Tras varias jornadas de debate en la Cámara de Diputados y en el Senado, el presidente Javier Milei logró avanzar con la reforma laboral, cuya ley se rige con el número 27.802. Esto significó para el oficialismo uno de los principales triunfos legislativos durante el período de sesiones extraordinarias.

La “Ley de Modernización Laboral” introduce cambios en distintos aspectos del régimen de trabajo.
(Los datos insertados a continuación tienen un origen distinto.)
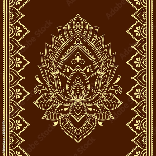 Set of lotus mehndi flower pattern and seamless border for Henna drawing and tattoo. Decoration in oriental, Indian style. Doodle ornament. Outline hand draw vector illustration.
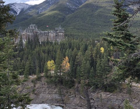惊奇角、惊奇角,有些惊奇但是也没有那么惊奇,其实就是一个小山坡拐角处的眺望台,是个眺望城堡酒店的好地方,山脚下就是弓河瀑布,不过下不去。
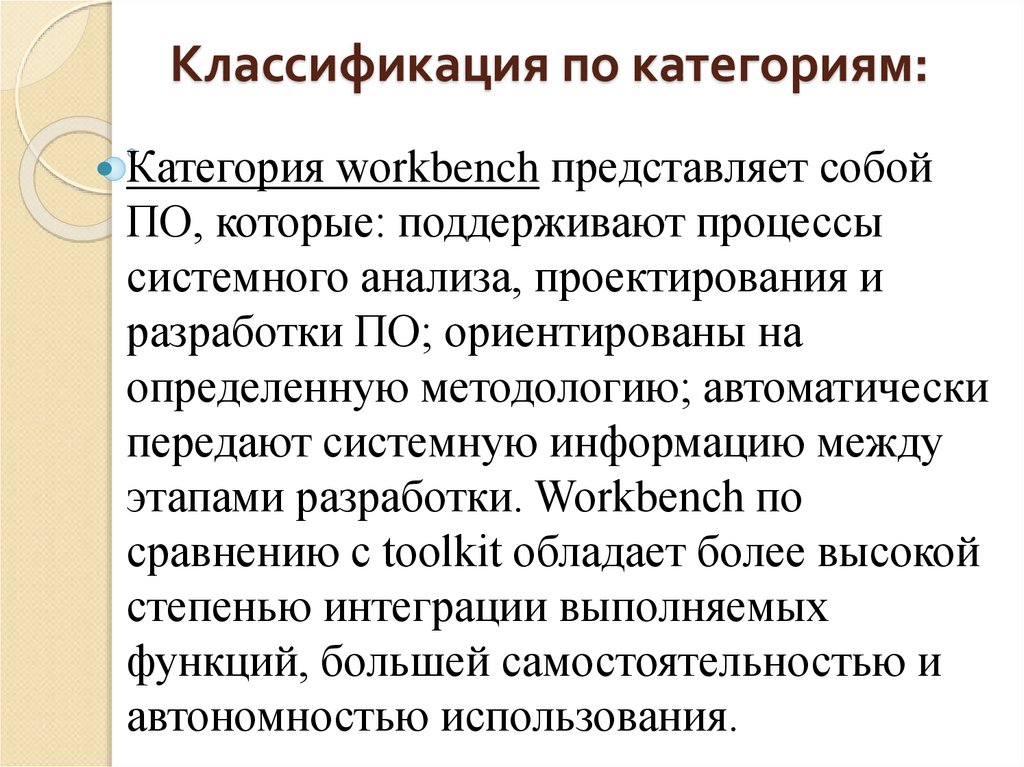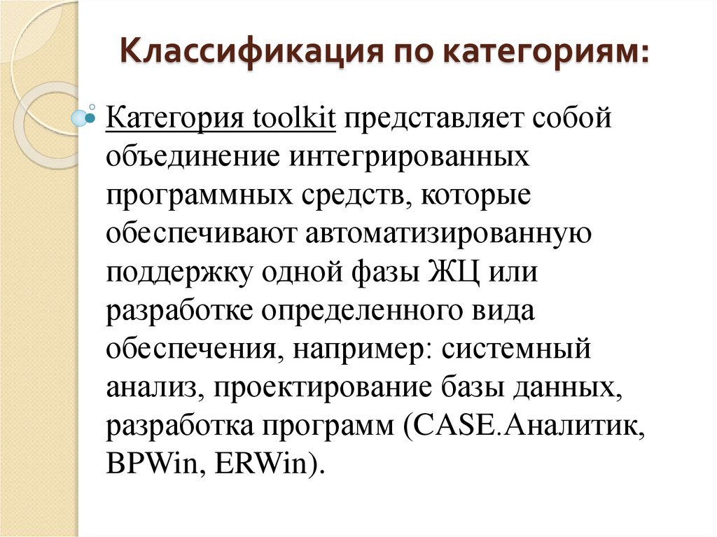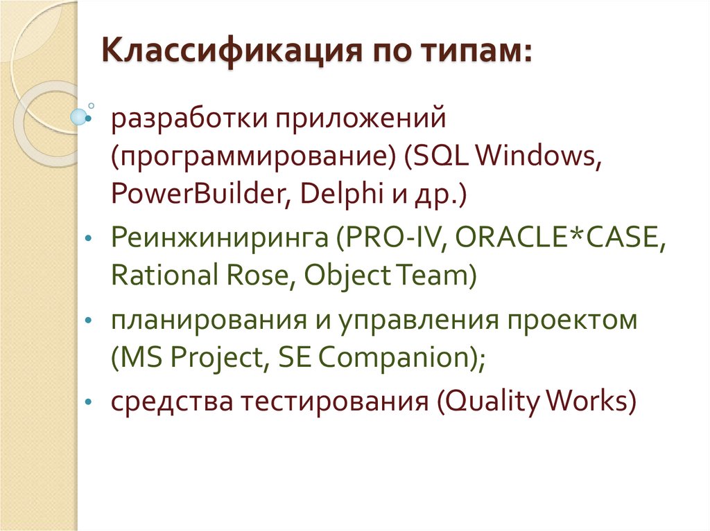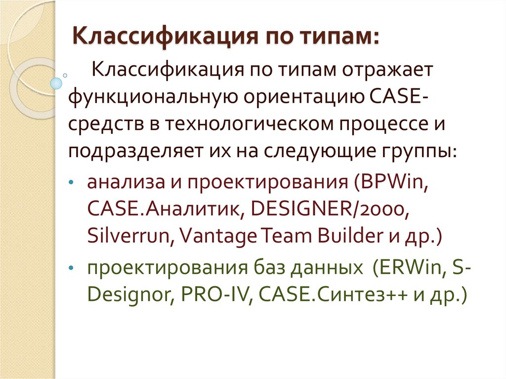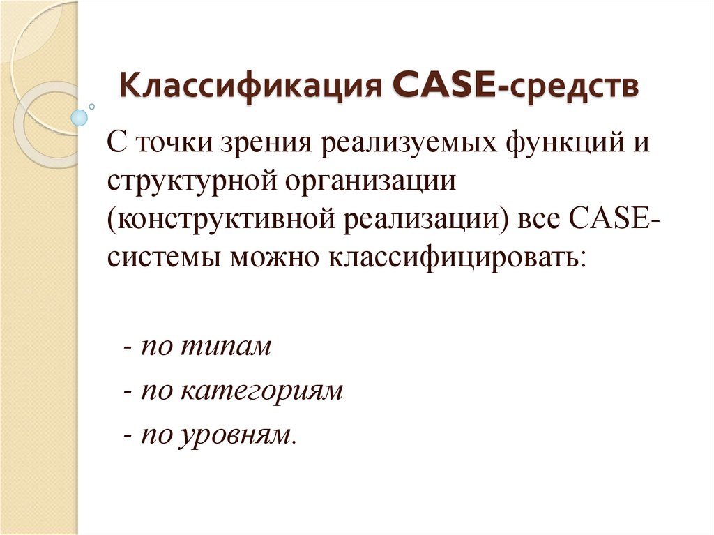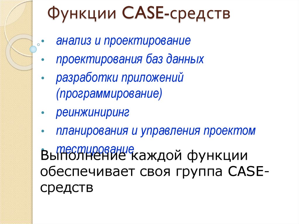 Классификация CASE-средствС точки зрения реализуемых функций и
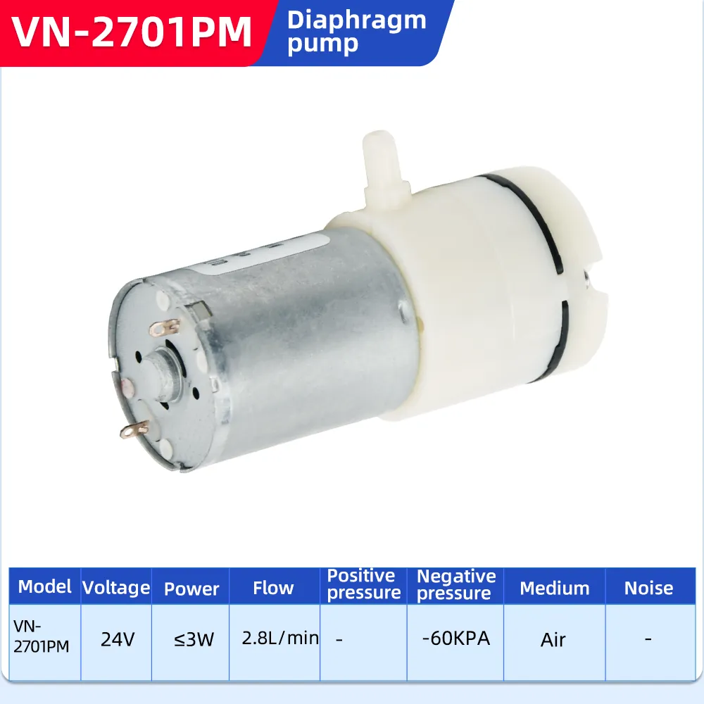 The VN-2701PM is a compact, low-power diaphragm pump designed for air transfer. Available in 6V, 12V, and 24V DC versions, it provides reliable airflow up to 5 L/min and a vacuum of -60 KPa for various industrial and DIY applications.

La normativa modifica la organización de la jornada, establece nuevas reglas sobre aportes sindicales y patronales, redefine el cálculo de las indemnizaciones y crea mecanismos vinculados a la formalización del empleo, los juicios laborales y el ejercicio del derecho de huelga en determinados servicios.

Remuneración

Entre los cambios más relevantes, la ley habilita que la jornada diaria pueda extenderse hasta 12 horas, siempre que exista un acuerdo escrito entre empleador y trabajador. A su vez, incorpora el denominado “banco de horas”, un sistema que permite compensar horas extras mediante días de descanso en lugar de un pago adicional. En cualquier caso, deberá respetarse un mínimo de 12 horas de pausa entre turnos.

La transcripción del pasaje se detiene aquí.